Why has the gift of the gab deserted Boris Johnson?
The PM’s oratorical gifts found the perfect fit with the Leave campaign – but the challenges of power have left him floundering, writes Sean O’Grady, as evidenced by his disastrous performance in front of the CBI
Are you OK”. It’s quite routine for a prime minister to give a few interviews after an important policy speech, but not to be asked about the state of his health. It wasn’t just that Boris Johnson lost his way in his address to the CBI conference, as if he had dropped the pages of a previously unread script in the car on the way in.

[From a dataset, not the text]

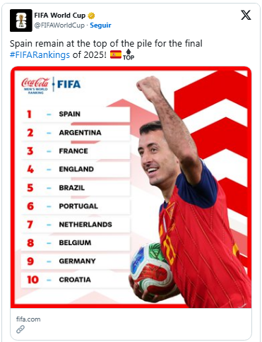 Espanha é líder, Argentina é vice e França aparece em terceiro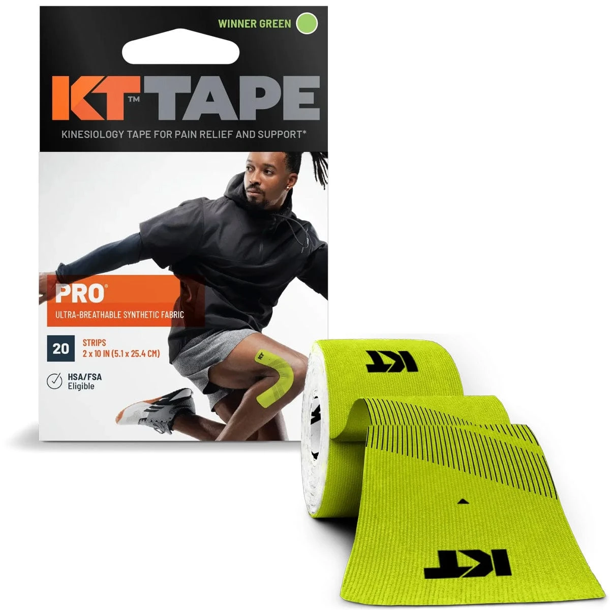 KT Tape Pro® is pre-cut and ready to apply right out of the box. Pre-cut strips have rounded corners which help to prevent the corners from catching on clothing or the edges fraying. Each roll contains 20 pre-cut strips that are 10 inches long and 2 inches wide.

It wasn’t so much the fact that he took an inordinate time to finish a sentence about… well, the audience had forgotten the start before he got to the end. Some of his references were tangential, almost bafflingly so, such as the dilation on Peppa the Pig (not a euphemism), which echoed the musings on Kermit the Frog he offered the UN General Assembly a few weeks ago – but that was “normal for Boris”. It’s hard to know why he thinks that “Mother Nature” dislikes working from home, but that’s not the first mystery he’s sprung on the nation either.

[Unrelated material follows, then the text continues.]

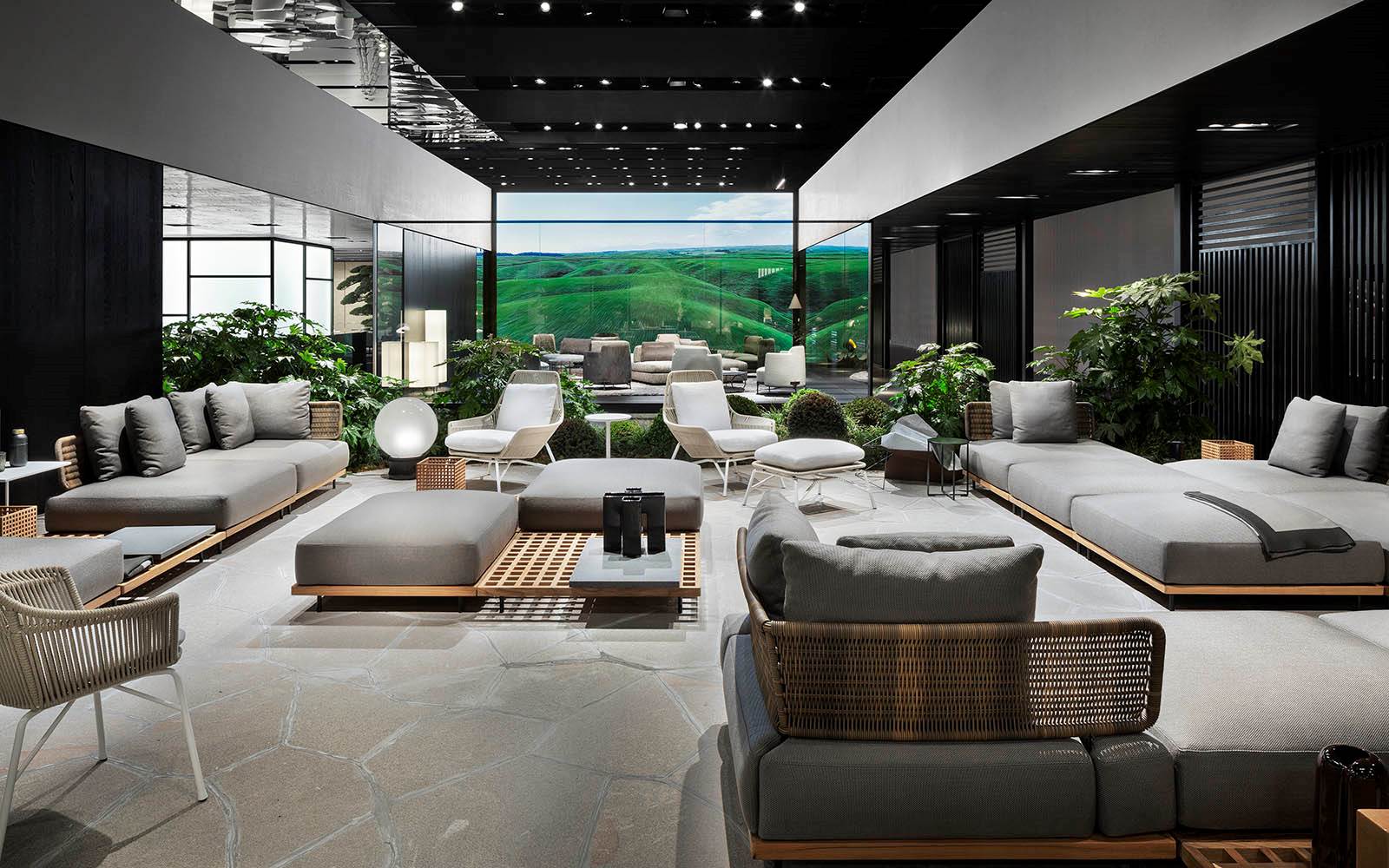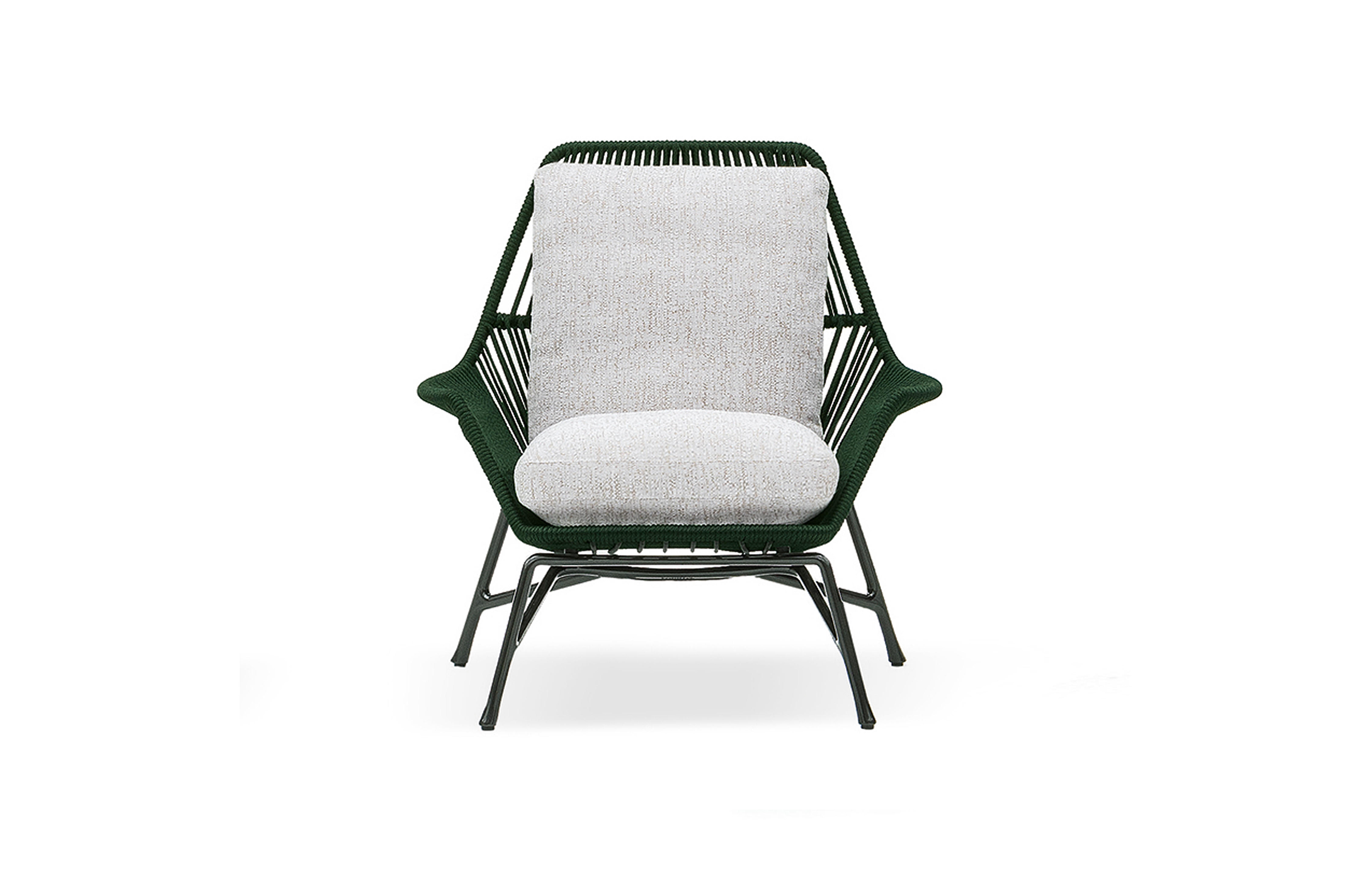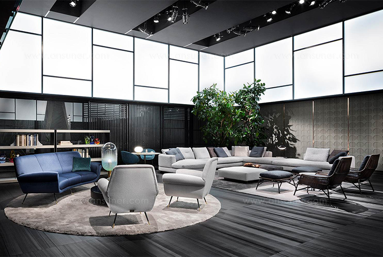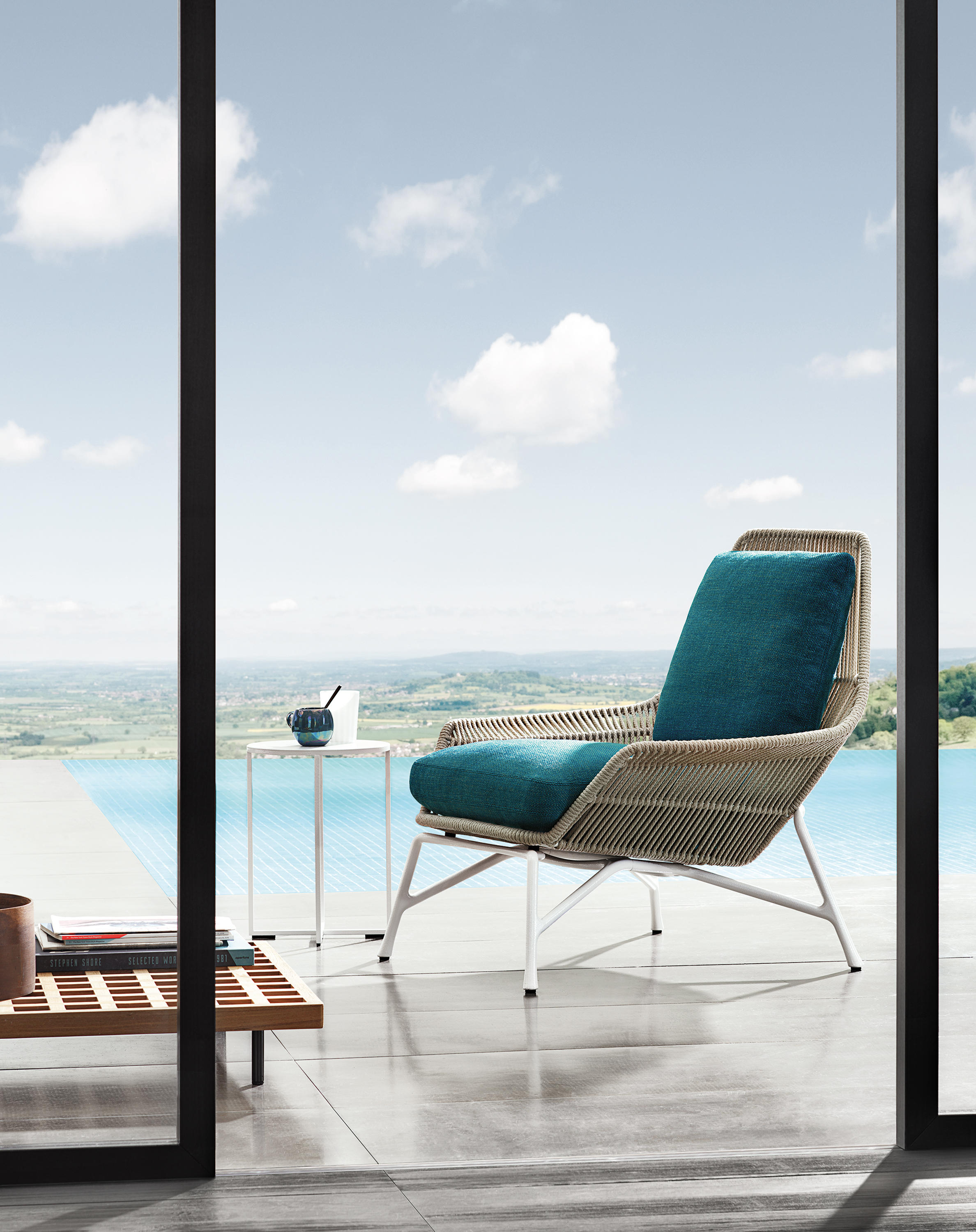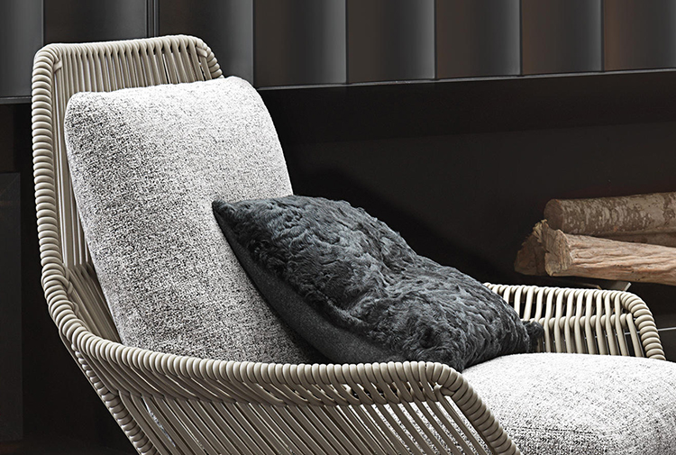 - 布艺或皮革 金属靠背和扶手 高弹鹅绒坐垫 (户外使用喷砂、锌底漆 Pewter色彩抛光)

It was more the PM’s physical state that alarmed some observers, and the possibility that his distracted demeanour is a symptom of some weakness in his intellectual faculties. Long Covid, for example, is known to leave sufferers with “brain fog” and an inability to concentrate. Johnson had a near-fatal pre-vaccine brush with Covid early in the pandemic, so there may be lingering effects, though not consistent. His voice sounded rather deep and husky, but perhaps he had had a late night - he has a young baby, a large workload and is partial to enjoying himself regardless, as we know.
At the CBI, he told the impertinent reporter who’d asked if he was OK that people had “got the vast majority of the points” he wanted to make and that the speech “went over well”. Maybe, but he has also been called a clown and a disgrace.